RAW DATA:
···

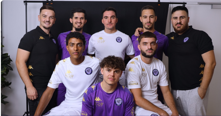
30.09.23 KICK-OFF DÉBUT DE SAISON
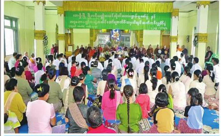
လားရှိုးမြို့ရှိ မြို့မပရိယတ္တိစာသင်တိုက်၌ အသံမမဲမဟာပဋ္ဌာန်းရွတ်ဖတ်ပူဇော်ပွဲ အောင်ပွဲနှင့် အဂ္ဂမဟာပဏ္ဍိတဘွဲ့တံဆိပ်တော်ရ ဆရာတော်အား ဂုဏ်ပြုပူဇော်ပွဲ ကျင်းပပြုလုပ်စဉ်။

သွားရေး၊ ဘုရားဘက္ကားငွေများကို အမှန်တကယ်လိုအပ်သည့်နေရာများတွင် စနစ်တကျသုံးစွဲသွားရေး၊ ယာဉ်ရပ်နားစခန်းအဝင်အထွက်လမ်းများ ကောင်းမွန်ရေး၊ တာဝန်ယူမှုတာဝန်ခံမှုအပြည့်ဖြင့် လုပ်ငန်းများအပေါ်စေတနာထားဆောင်ရွက်သွားရေး၊ အရည်အသွေးကောင်းမွန်ရန်နှင့်သတ်မှတ်ကာလအတွင်းပြီးစီးရေး ကြပ်မတ်ဆောင်ရွက်သွားရန်ပြောကြားပြီး ရှင်းလင်းတင်ပြချက်များအပေါ် သက်ဆိုင်ရာတာဝန်ရှိသူများနှင့် ပေါင်းစပ်ညှိနှိုင်းဆောင်ရွက်ပေးသည်။ ဆက်လက်၍ တိုင်းဒေသကြီးဝန်ကြီးချုပ်နှင့်အဖွဲ့သည် တည်ဆောက်ပြီးစီးသည့် အဆင့်မြင့်သန့်စင်ခန်းနှင့် အဆင့်မြင့် မိုးလုံနေလုံယာဉ်ရပ်နားစခန်း စတင်တည်ဆောက်နေမှုများကို လိုက်လံကြည့်ရှုကာ လိုအပ်သည်များကိုဖြည့်ဆည်း ဆောင်ရွက်ပေးခဲ့ကြောင်း သတင်းရရှိသည်။ မျိုးကျော်

···

BRIEF: Please write out only the material above, exactly, from its first line through the line that contains "ဆရာတော်အား ဂုဏ်ပြုပူဇော်ပွဲ ကျင်းပပြုလုပ်စဉ်။", and include no pictures.

SOLUTION TO THE PROBLEM:
30.09.23 KICK-OFF DÉBUT DE SAISON
လားရှိုးမြို့ရှိ မြို့မပရိယတ္တိစာသင်တိုက်၌ အသံမမဲမဟာပဋ္ဌာန်းရွတ်ဖတ်ပူဇော်ပွဲ အောင်ပွဲနှင့် အဂ္ဂမဟာပဏ္ဍိတဘွဲ့တံဆိပ်တော်ရ ဆရာတော်အား ဂုဏ်ပြုပူဇော်ပွဲ ကျင်းပပြုလုပ်စဉ်။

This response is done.